Required work:
Once the pictures are set aside, transcribe each line of the listing exactly.

(Provided material Opens)

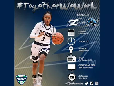 Akron gets its first look at Buffalo this season as the Zips travel to Buffalo, N.Y., for a showdown with the Bulls on Saturday, Feb. 18. Game time at Alumni Arena is set for 1 p.m.
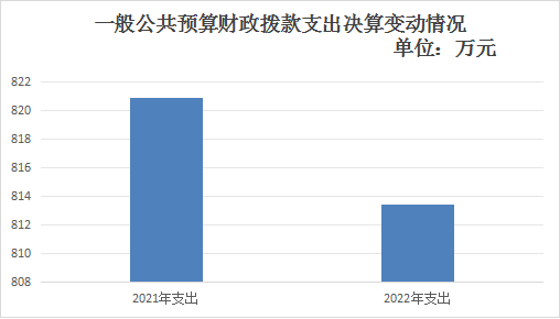 2022年一般公共预算财政拨款支出813.46万元,占本年支出合计的100%。与2021年相比,一般公共预算财政拨款支出减少7.43万元,下降0.9%。主要变动原因是办公费支出,会议费支出、公务接待费、公务用车运行维护费等支出减少。
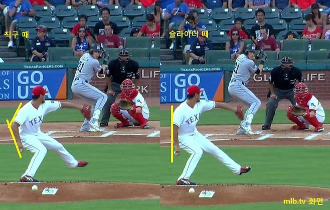 1회 홈런을 맞은 옐리치 타석이다. (왼쪽) 빠른 볼을 던질 때는 오른쪽 팔꿈치가 완전히 펴지지 않는 모습이다. 반면 슬라이더 때는 곧게 팔이 펴진다. 이걸 당사자는 ‘멈춤 동작이 있다’라고 한 것 같다. 어쩌면 타자 시각에서는 그게 맞는 표현일 지 모른다. 뒤에 가려진 팔의 움직임에 대한 느낌이기 때문이다.
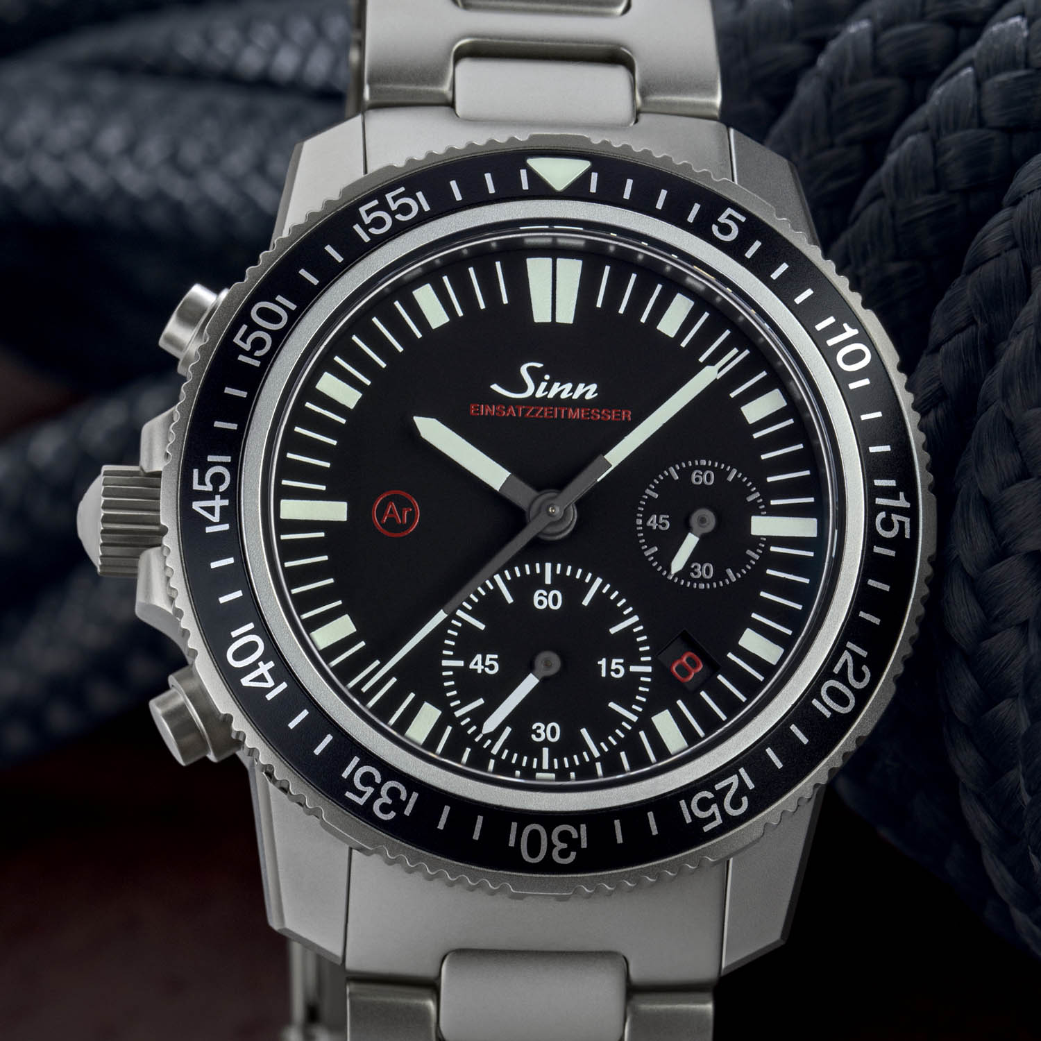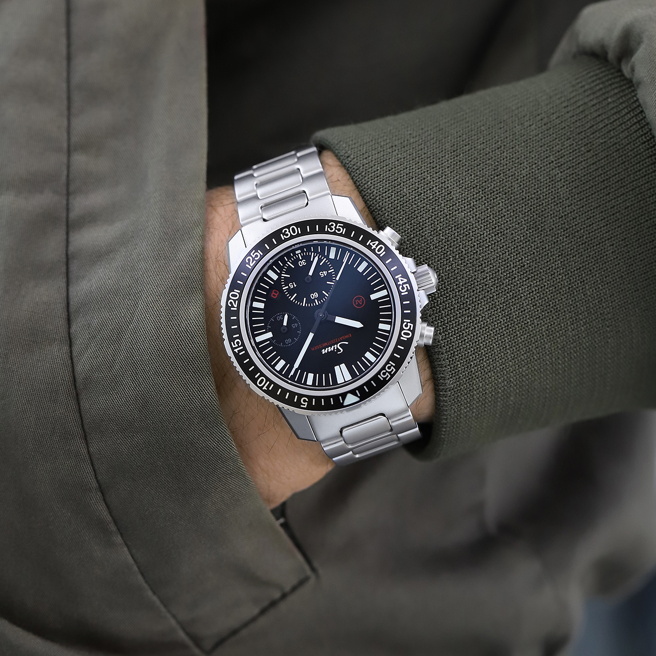 Quick Facts – 41mm x 15mm – stainless steel case, matte bead-blasted – rotating diving bezel with black aluminium insert – sapphire crystal on both sides – left-sided screw-down crown and pushers – 500m water-resistant – matte black dial with mission-timer design – painted markers and hands with Super-LumiNova – SINN SZ02 movement (modified Valjoux 7750 base) – automatic chronograph – 26 jewels – 28,800vph – 45h power reserve – bead-blasted steel bracelet, black rubber strap or black leather strap – DIN 8310/DIN 8306/ EN250 / EN14143 compliant – EUR 2,650 on strap or EUR 2,850 on bracelet

(Provided material Closes)

Reply to the exercise:
 Akron gets its first look at Buffalo this season as the Zips travel to Buffalo, N.Y., for a showdown with the Bulls on Saturday, Feb. 18. Game time at Alumni Arena is set for 1 p.m.
 2022年一般公共预算财政拨款支出813.46万元,占本年支出合计的100%。与2021年相比,一般公共预算财政拨款支出减少7.43万元,下降0.9%。主要变动原因是办公费支出,会议费支出、公务接待费、公务用车运行维护费等支出减少。
 1회 홈런을 맞은 옐리치 타석이다. (왼쪽) 빠른 볼을 던질 때는 오른쪽 팔꿈치가 완전히 펴지지 않는 모습이다. 반면 슬라이더 때는 곧게 팔이 펴진다. 이걸 당사자는 ‘멈춤 동작이 있다’라고 한 것 같다. 어쩌면 타자 시각에서는 그게 맞는 표현일 지 모른다. 뒤에 가려진 팔의 움직임에 대한 느낌이기 때문이다.
 Quick Facts – 41mm x 15mm – stainless steel case, matte bead-blasted – rotating diving bezel with black aluminium insert – sapphire crystal on both sides – left-sided screw-down crown and pushers – 500m water-resistant – matte black dial with mission-timer design – painted markers and hands with Super-LumiNova – SINN SZ02 movement (modified Valjoux 7750 base) – automatic chronograph – 26 jewels – 28,800vph – 45h power reserve – bead-blasted steel bracelet, black rubber strap or black leather strap – DIN 8310/DIN 8306/ EN250 / EN14143 compliant – EUR 2,650 on strap or EUR 2,850 on bracelet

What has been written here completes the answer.